Inference¶

Two CLI commands run trained checkpoints:

generate — one model, one set of sampling parameters, many prompts.
batch-generate — a self-describing JSONL where each record can name its own model and sampling parameters (eval sweeps, multi-checkpoint comparisons).

Both also exist as Python functions in gpt_simple (generate, load_for_inference, validate_checkpoint).

Pointing at a checkpoint¶

Anywhere a model location is accepted, you can pass either:

a run directory (output_dir) — the latest checkpoint under checkpoints/ is selected automatically (same rule as resume: auto); or
a specific checkpoint directory (.../checkpoint-N).

The tokenizer is found automatically next to the checkpoint or at the run root; override it with --tokenizer. Paths may contain ~ and environment variables (e.g. $WORK), which are expanded even inside a JSONL.

`generate`¶

gpt-simple generate \
  --output-dir ./outputs \
  --prompt "Once upon a time" \
  --max-new-tokens 200

Output is JSONL on stdout by default (pipe to jq -r .completion for just the text); --output FILE.jsonl writes to a file. Feed many prompts with --prompts-file prompts.jsonl (one {"prompt": ...} per line). Each output record echoes the input and adds completion plus a generation block recording the sampling parameters used.

`batch-generate`¶

Use this when records need different models or sampling.

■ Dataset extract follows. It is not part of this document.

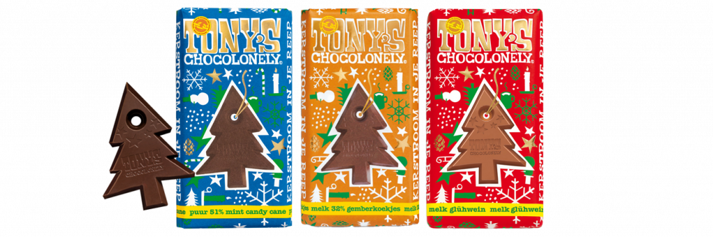 De här juliga chokladkakorna från Tony’s Chocolonely har en julgran i mitten som du kan hänga upp i granen (eller äta direkt!). Finns i smakerna glögg, pepparkaka och polkagris.

Each line is self-describing; only prompt is required, everything else falls back to the CLI defaults:

{"id": "ex-1", "prompt": "Once upon a time", "model": {"checkpoint": "./runs/r1/checkpoints/checkpoint-12000", "dtype": "bf16"}, "generation": {"max_new_tokens": 200, "temperature": 0.8, "top_k": 50}}
{"id": "ex-2", "prompt": "def fibonacci(n):", "model": {"output_dir": "./runs/code-model"}, "generation": {"greedy": true}}

gpt-simple batch-generate \
  --input setup.jsonl \
  --output completions.jsonl \
  --output-dir ./runs/r1 \
  --temperature 0.8 --top-k 50

Records that share the same (model, dtype, tokenizer) are grouped so each model is loaded once (a multi-billion-parameter checkpoint costs minutes to load), and only one model is held in memory at a time. Output order always matches input order.

Per-record model accepts checkpoint or output_dir, plus optional dtype and tokenizer. The generation block accepts the sampling parameters below.

Sampling parameters¶

Parameter	Meaning
`max_new_tokens`	Number of tokens to generate.
`temperature`	Softmax temperature; lower is more deterministic.
`top_k`	Keep only the top-k logits before sampling.
`top_p`	Nucleus sampling: keep the smallest set of tokens with cumulative probability ≥ p.
`greedy` / `do_sample`	Greedy (argmax) decoding instead of sampling.
`repetition_penalty`	Penalize already-generated tokens (1.0 = off).
`seed`	Seed for reproducible sampling.
`dtype`	Load/compute dtype: `fp32`, `fp16`/`half`, `bf16`.
`return_full_text`	Include the prompt in the output (default: completion only).

Pre-flight validation (`--dry-run`)¶

Before any weights load, batch-generate parses every record, checks the sampling-parameter ranges, and confirms each distinct checkpoint resolves (config parses, weights and tokenizer present). --dry-run stops there and prints the execution plan without touching a GPU — safe to run on a login node to gate a job submission:

gpt-simple batch-generate --input setup.jsonl --output-dir ./runs/r1 --dry-run

Structural problems (bad JSON, missing prompt, out-of-range parameters, a missing checkpoint) are hard errors: the job exits non-zero with nothing loaded. Failures that only surface during generation are soft: that record gets an error field instead of completion and the run continues.

The same checks are available programmatically via gpt_simple.validate_checkpoint(path, ...), which returns the resolved locations without loading weights or touching CUDA.

Scaling out¶

batch-generate is a plain CLI entry point with no orchestrator assumptions. To fan out across a job array, shard the input by model (one model per task) so no checkpoint is loaded twice. See examples/orchestrators/ for inference job templates.

Authoritative source: src/gpt_simple/generate.py, src/gpt_simple/cli/batch_generate_cmd.py.